Annoncé sortant, l'avocat pénaliste Eric Dupond-Moretti a finalement été maintenu au poste de ministre de la Justice, ce vendredi 20 mai, dans le gouvernement Borne.
Il reste à sa place. Nommé garde des Sceaux en juillet 2020 lors du précédent quinquennat, Eric Dupond-Moretti a été reconduit à son poste lors de l'annonce du gouvernement d'Elisabeth Borne, ce vendredi.
Une véritable surprise alors que son bilan au ministère de la Justice est marqué par une grogne sans précédent des magistrats et qu'il a été mis en examen pour «prise illégale d'intérêts».
Une enfance modeste
Né dans le Nord, Eric Dupond-Moretti n'était pas forcément destiné à devenir avocat. Elevé par sa mère d'origine italienne après avoir perdu son père à l'âge de 4 ans, il a été contraint de travailler dans une usine ou encore d'être fossoyeur pour payer ses études.
Alors qu'il avait 15 ans, la mort dans des circonstances suspectes de son grand-père a fait naître en lui sa vocation, puisque la lumière n'a jamais été faite dans cette affaire. N'étant pas forcément le plus doué des élèves, il a réussi malgré tout à passer le barreau de justesse.
Un avocat redoutable et médiatique
Rapidement, il enchaîne les succès au tribunal, et travaillera sur des affaires de plus en plus médiatiques. Il obtiendra le surnom d'«Acquittator» devant le nombre impressionnant d'accusés qu'il fera relâcher. En 2020, il avait obtenu plus de 140 acquittements. Pour y parvenir, il n'hésitera pas à défendre des personnalités très clivantes comme Patrick Balkany, Abdelkader Merah ou encore Bernard Tapie. «J'aurais défendu Klaus Barbie, et même Hitler s'il me l'avait demandé», a-t-il assuré.
Une vie privé assez secrète
Malgré sa célébrité, Eric Dupond-Moretti reste une personnalité plutôt secrète. On sait néanmoins qu'il a deux enfants, issus de son union avec sa première femme Hélène, rencontrée lors d'un procès. Divorcé, il est officiellement en couple avec la chanteuse canadienne Isabelle Boulay depuis 2016.
Une carrière d'acteur
Outre sa carrière d'avocat, Eric Dupond-Moretti aime à utiliser son éloquence pour d'autres projets. Ainsi, il a joué dans quelques films depuis le début des années 2010, et notamment dans «Chacun sa vie» de Claude Lelouch en 2017. Début 2019, il a également lancé un seul en scène, «Eric Dupond-Moretti à la barre».
Un ministre de la Justice contesté
S'il se félicite d'avoir obtenu pendant ses fonctions de ministre une hausse «historique» du budget de la Justice, il fait face à une grogne sans précédent des magistrats.
Signe du malaise, en novembre dernier, les deux tiers des 9.000 juges français signaient une tribune dans Le monde, dans laquelle ils dénonçait leur épuisement et la «perte de sens de ceux qui rendent la justice au quotidien».

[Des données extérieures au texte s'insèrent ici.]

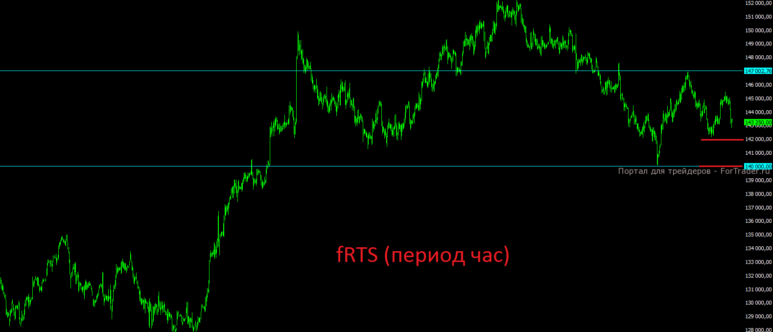 Техническая картина по фьючерсу на индекс РТС так же не вселяет оптимизма, хотя здесь многое ещё будет зависеть и от рубля. Ближайший уровень поддержки находится на отметке 142000 и в случае его пробоя мы увидим дальнейшее снижение вплоть до отметки 140000 пунктов. В случае, если и отметка 140000 пунктов не устоит на закрытии дня, то можно говорить о начале новой волны коррекции. Выход сильно выше отметки 147000 мы в ближайшую неделю не видим, а шансы на выход выше отметки 150000 до конца года оцениваем как 30%.

Après l'annonce de sa reconduction, le Syndicat de la magistrature (SM, classé à gauche) évoquait auprès de l'AFP son «incompréhension» et sa «déception». «Nous ne savons pas comment le maintien d'Eric Dupond-Moretti à la tête du ministère permettra la reprise du dialogue totalement rompu», avait souligné la présidente du SM, Kim Reuflet.
«Je serai le ministre du dialogue, de la concertation et de l'action», a de son côté assuré le ministre, sur Twitter.
Je remercie le Président de la République et la Première ministre qui me renouvellent ce jour leur confiance. Je mesure l’honneur qui est le mien de pouvoir continuer d’œuvrer pour la Justice de notre pays. Je serai le ministre du dialogue, de la concertation et de l’action.
— Eric Dupond-Moretti (@E_DupondM) May 20, 2022
Mis en examen pour pour «prise illégale d'intérêts»
En juillet 2021, Eric Dupond-Moretti est mis en examen pour prise illégale d'intérêts , une première pour un ministre en exercice. Il est soupçonné d'avoir profité de sa fonction pour régler des comptes avec des magistrats avec lesquels il avait été en conflit lorsqu'il était avocat.
Des plaintes de syndicats de magistrats et de l'association anticorruption Anticor, dénonçant deux situations de conflit d'intérêt, avaient donné lieu à l'ouverture d'une information judiciaire.
En mai 2022, quelques jours avant sa reconduction, le ministère public de la Cour de justice de la République (CJR) a annoncé avoir requis un procès à son encontre, estimant qu'il existait des «charges suffisantes».